If your having probs call a NICEIC registered electrician, if they don't know then they can call the NIC and find out, the NIC know everything! Don't do it yourself because it will need testing afterwards on the appropriate documents


----------



## Mattman (Jan 6, 2012)

If your having problems then get a NICEIC registered sparks, if they don't know then they can call the NIC because they know everything n I mean absolutely everything without even turning the front cover of the regs book!
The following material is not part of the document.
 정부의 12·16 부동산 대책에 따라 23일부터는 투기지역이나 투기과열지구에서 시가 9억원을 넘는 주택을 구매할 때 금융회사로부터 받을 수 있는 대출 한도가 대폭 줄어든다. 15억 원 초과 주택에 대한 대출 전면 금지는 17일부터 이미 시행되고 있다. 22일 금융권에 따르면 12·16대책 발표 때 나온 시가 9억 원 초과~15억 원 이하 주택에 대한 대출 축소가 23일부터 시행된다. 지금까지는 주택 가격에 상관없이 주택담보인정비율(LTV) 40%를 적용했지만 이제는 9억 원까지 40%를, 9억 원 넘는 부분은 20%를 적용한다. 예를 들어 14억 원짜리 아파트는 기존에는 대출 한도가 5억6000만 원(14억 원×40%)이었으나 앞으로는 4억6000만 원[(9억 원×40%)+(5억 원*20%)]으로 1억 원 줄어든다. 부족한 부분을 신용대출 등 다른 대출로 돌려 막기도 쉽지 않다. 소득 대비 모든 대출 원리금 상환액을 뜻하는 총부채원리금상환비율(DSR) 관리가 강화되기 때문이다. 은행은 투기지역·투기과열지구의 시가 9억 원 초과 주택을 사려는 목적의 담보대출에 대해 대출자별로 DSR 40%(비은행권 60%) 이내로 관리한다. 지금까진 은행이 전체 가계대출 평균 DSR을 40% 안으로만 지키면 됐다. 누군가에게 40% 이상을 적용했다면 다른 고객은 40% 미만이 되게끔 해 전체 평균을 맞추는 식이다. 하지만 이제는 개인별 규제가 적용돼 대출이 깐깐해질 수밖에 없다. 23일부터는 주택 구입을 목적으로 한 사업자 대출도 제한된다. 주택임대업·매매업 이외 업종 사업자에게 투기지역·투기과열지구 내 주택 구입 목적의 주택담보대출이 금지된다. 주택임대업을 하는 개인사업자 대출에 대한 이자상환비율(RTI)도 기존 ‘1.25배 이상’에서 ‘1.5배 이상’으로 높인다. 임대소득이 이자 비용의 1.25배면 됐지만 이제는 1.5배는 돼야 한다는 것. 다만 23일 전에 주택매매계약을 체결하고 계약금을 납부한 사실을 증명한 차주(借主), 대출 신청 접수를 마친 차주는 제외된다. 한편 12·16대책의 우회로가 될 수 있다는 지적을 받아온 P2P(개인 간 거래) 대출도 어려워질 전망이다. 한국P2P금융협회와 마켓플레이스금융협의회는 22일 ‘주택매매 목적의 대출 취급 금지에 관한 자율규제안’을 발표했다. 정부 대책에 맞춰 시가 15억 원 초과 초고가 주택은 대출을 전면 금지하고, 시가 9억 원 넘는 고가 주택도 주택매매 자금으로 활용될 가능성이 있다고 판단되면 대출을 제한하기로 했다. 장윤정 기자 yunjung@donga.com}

Don't do it your self because it will have tobe tested after giving u the proper documents to handover


----------



## Specialist (Nov 18, 2011)

Hi Mattman: Sorry to Dissilusion you but the NIC don't know everything, far from it.
As for getting an NICEIC registered Electrician in to do something, your just as likely to pick an incompetent Electrician doing that as you are using an Unregistered 1. Take it from someone who knows, after spending years clearing up the mess after both types, Registration with the NIC is not guaranteed to mean your a good Electrician.


----------



## Mattman (Jan 6, 2012)

Ur right, I'm just speaking from the experience I've had with them. On the occasions that ive dealt with the NIC they have known absolutely everything I throw at them. I ring them maybe once or twice a month, I'm not NIC registered yet but plan tobe only because clients tend to trust sparkys that are registered with them. I agree also that even registered sparks can mess up a job, it drives me insane going to a job where a NIC spark has done work and its like a child has done it. I love being an electrician, I really do, nothing makes me happier then lookin back at my work knowing that what I've done is perfect. Sayin that, I would always recommend a spark that is NIC registered because If they have the ability to sign off a job with the paper work then they can be held accountable. There's a lot of good sparks out there, but the bad ones are giving us a bad name with over pricing, bad work and generally being useless!


----------



## pep-electric.co.uk (Jan 20, 2012)

*Always armour if You have a doubt*

In my opinion You should always do better what is the plan. If You have a doubt this is sign should be armored etc...

Regards

http://pep-electric.co.uk


----------



## peterkenney (Mar 2, 2012)

i gotta put a dedicated cu on henley blocks for a pv system ,its a 16a breaker what rating does it have to be , and what size tails anybody


----------